Image credit: macrovector for iStock via Thinkstock.


yanyong for iStock via Thinkstock

6. Masturbation

It seems that having been told so many times by parents, priests or middle school teachers that masturbation is wrong, some people's logical reasoning disappears when thinking about it as an adult. People worry that they've been pleasuring themselves so much that somehow they could be at risk of HIV or another sexually transmitted infection.

Trouble is, you cannot give yourself an infection you don't already have. Remember the "transmitted" in "sexually transmitted infection." You can't transmit something you don't have, especially not to yourself.

Image credit: yanyong for iStock via Thinkstock.


5. The Bathroom

Did you forget to put down toilet paper on the seat before using the potty? No need to run out for an HIV test.

Even if a disgusting bodily fluid left on the seat by another person were somehow able to get into your bloodstream (which is virtually impossible as it is -- and, no, "up-splashing" does not put you at risk either), the HIV within that fluid wouldn't survive long enough outside the body to harm you. Not only that, but there wouldn't be enough HIV in that small amount of fluid to pose an infection risk.
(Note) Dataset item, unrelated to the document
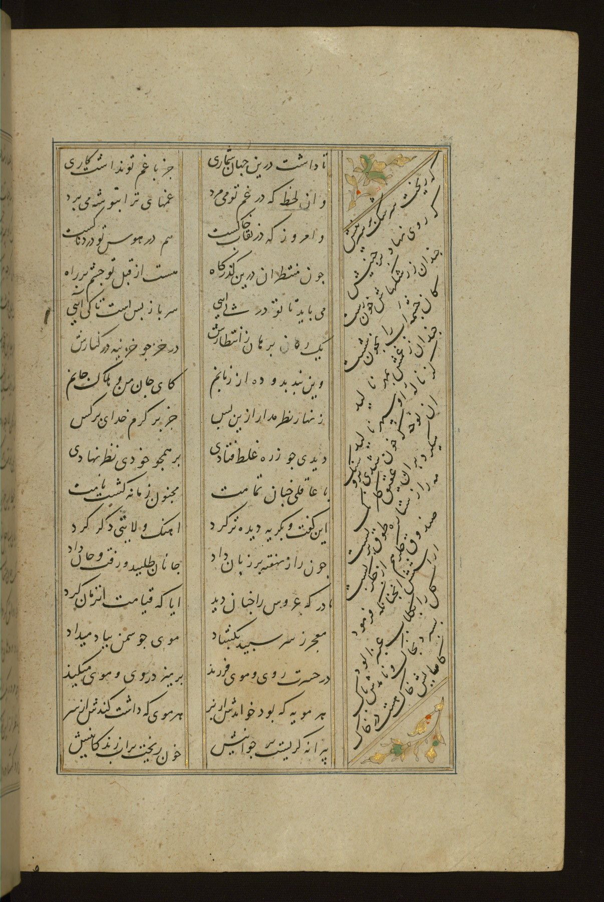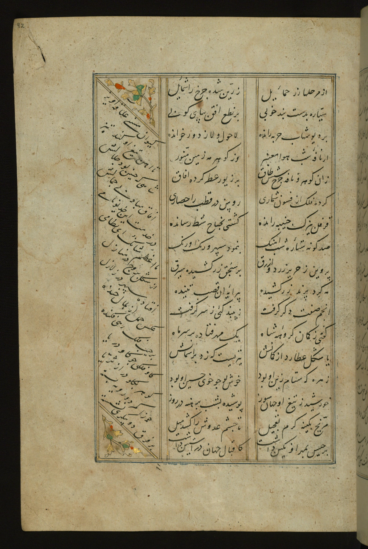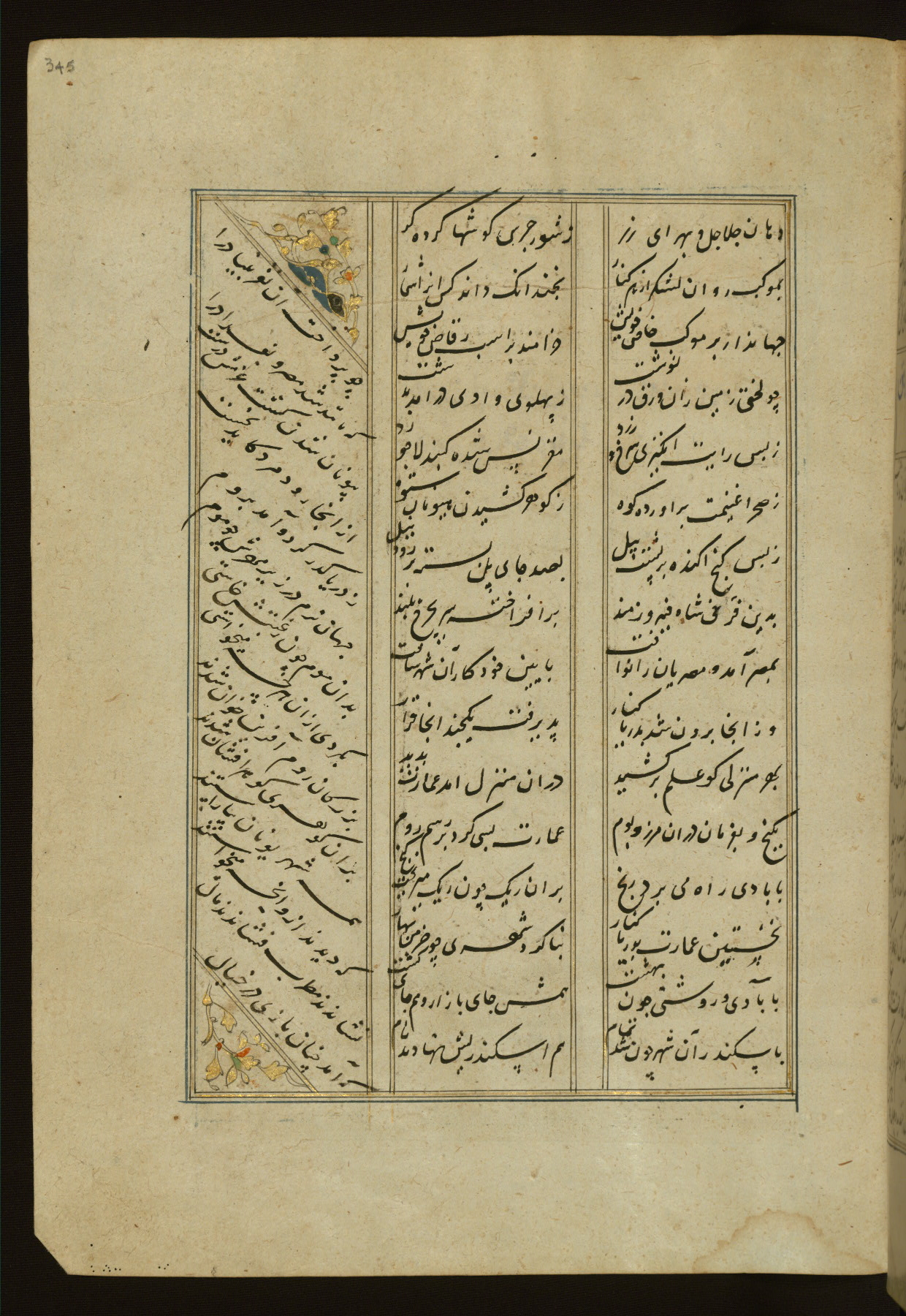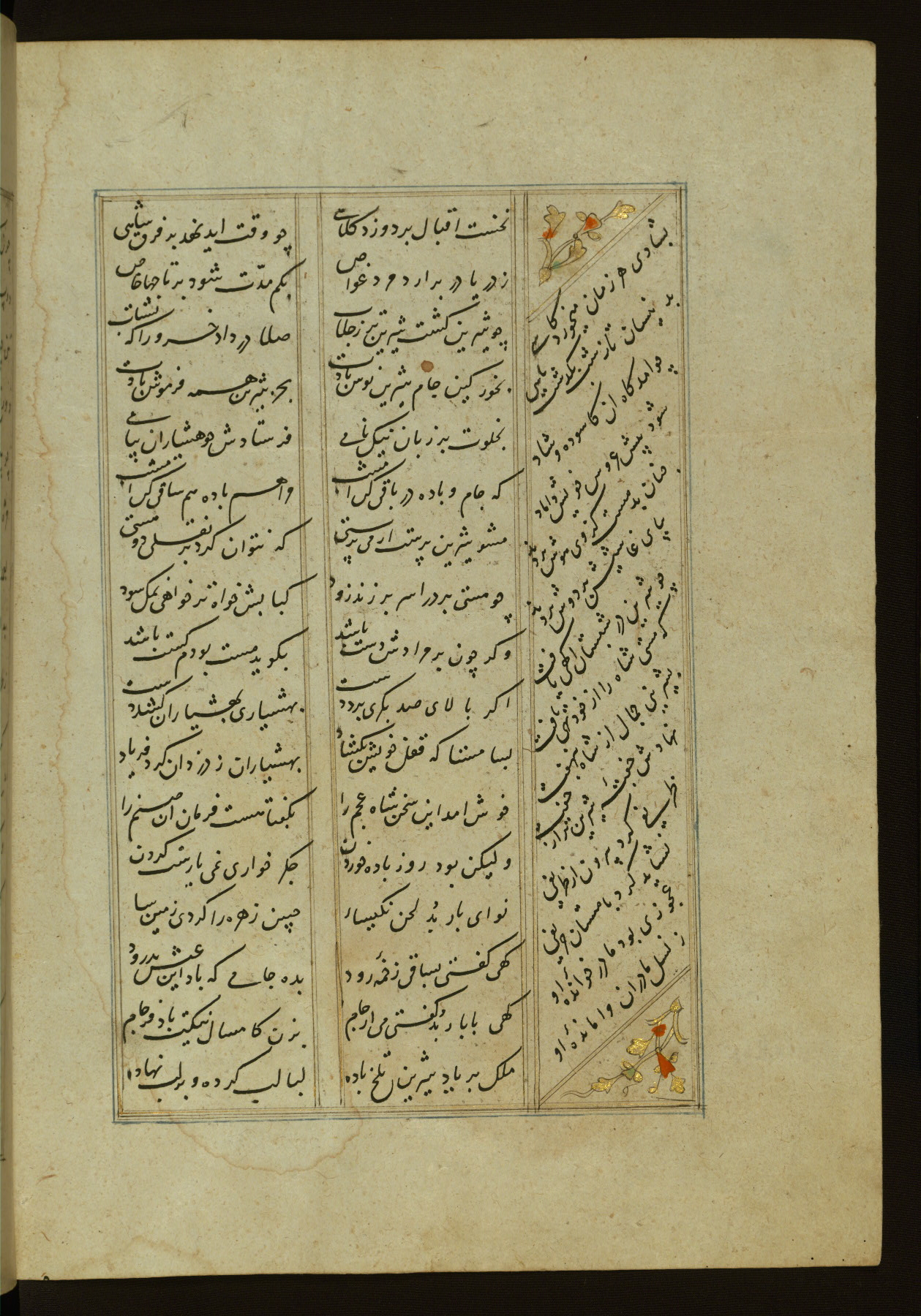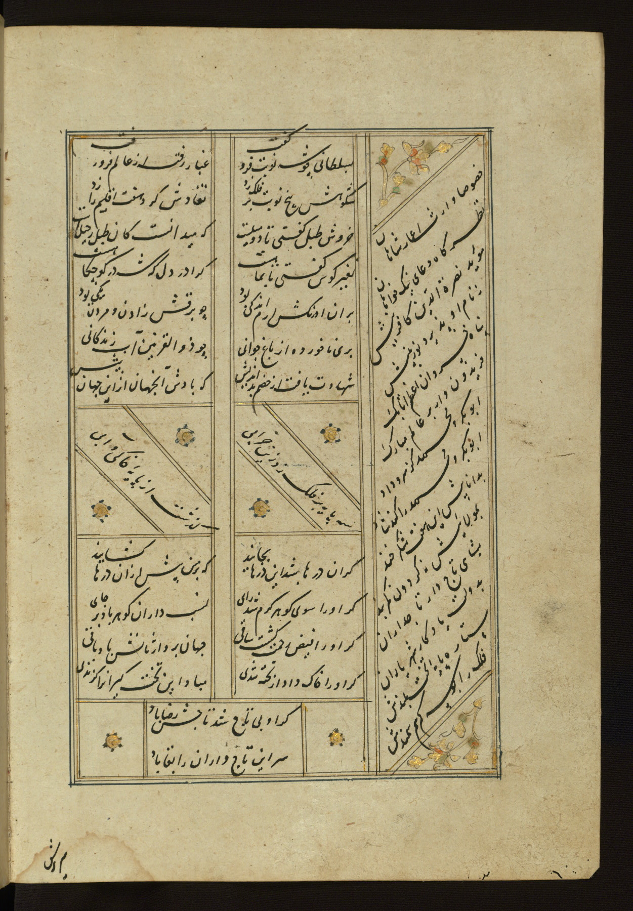 This copy of the Khamsah (quintet) of Niẓāmī Ganjavī (d. 605 AH / 1209 CE) was written by Abū Bakr Shāh ibn Ḥasan ibn ʿAlī al-Shahrastānī and illuminated by Jamāl al-Dīn ibn Muḥammad al-Ṣiddīqī al-Iṣfahānī between 892 AH / 1486 CE and 900 AH / 1494-5 CE. The manuscript opens with a double-page illuminated frontispiece with an inscription giving the title of the work and the name of the author (fols. 1b-2a). There are four illuminated titlepieces with the names of the individual poems and twenty-six repainted illustrations. According to evidence supplied by the colophons, the original binding was by the hand of Jamāl al-Dīn ibn Muḥammad al-Ṣiddīqī al-Iṣfahānī, as well. Unfortunately, it has not survived. The binding presently attached to the manuscript dates to the twelfth century AH / eighteenth CE.

Image credit: Svetlana_Smirnova for iStock via Thinkstock.


4. Eating at a Restaurant

For some reason, restaurants make the imagination run wild. People write in with an endless string of scenarios, including a chef's accidental slip of the knife, a waitress with a scratch on her hand and a piece of food that briefly fell off someone's plate and touched the table.

But, here are the facts: In all of those infectious fantasies, there simply wouldn't be enough HIV present to pose a risk. (In most of them, there's zero chance that HIV would be present at all.) In addition, HIV doesn't live long enough outside the body for any restaurant scenario to carry a risk.

Image credit: Ivary for iStock via Thinkstock.


3. Getting a Lap Dance

Oh, if only we had a dollar tucked in our G-string for every person who's written in after a visit to a strip club. Lap dances -- and most other strip club encounters -- bear absolutely no risk for one huge reason: At least one of you is wearing clothing on top of your happy parts, and no bodily fluids are being exchanged. (Even if you think you felt a little bit of wetness on your skin, that doesn't count as "exchanging fluids.")

With no opportunity for an exchange of bodily fluids, there is nothing to fear.

Image credit: majivecka for iStock via Thinkstock.


2. Shaking Hands

Shaking hands is considered "casual contact" and absolutely does not put you at risk for contracting HIV. It doesn't matter whether the shaking involved hands (yours, theirs or both) that were peeling, sweaty, dirty or had cuts on them.

The same goes for other common concerns, such as hugging someone, being scratched or even being bitten (unless the bite is very deep, meaning it went all the way through your skin -- and even then, any potential risk would be extremely small).

Image credit: vladwel for iStock via Thinkstock.


1. Kissing

Of all the issues our experts are asked about, none is the source of more unwarranted freak-outs than kissing. The act of kissing on its own carries no risk for HIV. It doesn't matter whether it's a peck on the cheek or deep tongue-on-tongue action. (And, no, you can't transmit HIV through cold sores.)

The only kissing scenario that would involve even a remote risk would be if fresh blood were exchanged -- and unless you're dating a vampire, that kind of thing is extremely unlikely to happen.